Additionally, Dr. De Moraes and his study co-authors suggest, “While further studies are needed to validate these findings and evaluate their clinical significance, it seems that it might be prudent to carefully monitor these locations to facilitate early detection of progression and that timely treatment may help reduce the rate of progression in these locations.”
On the Horizon
Dr. De Moraes and his colleagues in the Department of Ophthalmology at NewYork-Presbyterian/Columbia are also actively pursuing promising avenues seeking to halt the glaucoma from progressing rather than treating it after vision is lost. “We know that even with the current standard of care, about 20 percent of glaucoma patients continue to progress to blindness,” says Dr. De Moraes. “It is unacceptable in my opinion to have a disease for which the current standard of care still allows such a high number of patients to worsen. There are new strategies that are independent of eye pressure such as neuroprotection to preserve the optic nerves. We are also exploring an injection delivery system and minimally invasive surgical approaches that can lower pressure significantly and reduce the burden of drops.”

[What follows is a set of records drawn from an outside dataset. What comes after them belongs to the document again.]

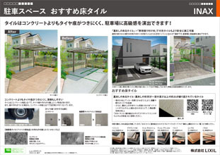 タイルはコンクリートよりもタイヤ痕がつきにくく、駐車場に高級感を演出できます!
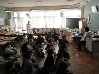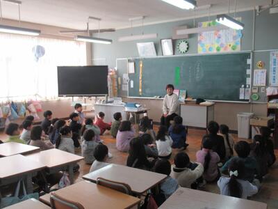 今朝は1・2年生、スマイル学級において「下忍小学校おはなし会」の皆様による読み聞かせがありました。おはなし会の皆様を教室で待っている間、1年生の子どもたちが「読み聞かせ大好き!」「楽しみ!」とうれしそうな表情で話していました。そしていざ読み聞かせが始まると、声を出して驚いたり、笑ったり・・・と、子どもたちはみんなお話の世界にひきこまれていました。おはなしの会の皆様がお帰りの際、代表の方が私に「子どもたちがよく聞いてくれてとてもうれしいです!」とおっしゃってくださいました。このようなお言葉をいただき、私もとてもうれしかったです。気持ちの良い一日のスタートが切れました!なお、来週は3・4年生となります。
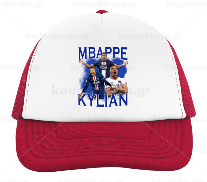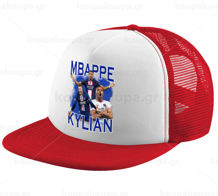 Kylian mbappe, Καπέλο παιδικό Soft Trucker με Δίχτυ ΚΟΚΚΙΝΟ/ΛΕΥΚΟ (POLYESTER, ΠΑΙΔΙΚΟ, ONE SIZE)
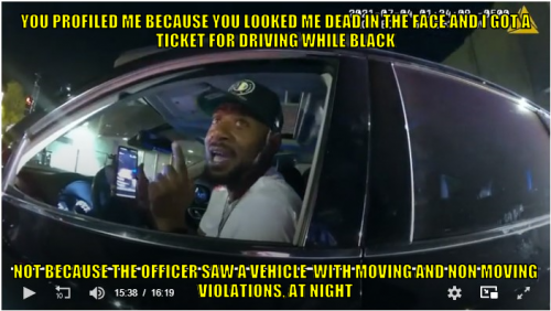 “I know. But what I’m saying is, what you’re doing is wrong, to Black men,” he says. “And you need to stop that. Thank you so much, but this ticket means nothing to me … What I’m saying to you is stop racially profiling Black men in their cars sir. Stop doing that.”

“Because we know that today’s blanket testing approach is ineffective and inefficient, using clinical trial data as we did for our study will help in identifying where to look for changes and treating patients with increased precision,” adds Dr. De Moraes. “Our research is contributing to this more personalized approach to glaucoma care and to designing clinical trials that could be of shorter duration, less expensive, and expedite the development of novel therapies.”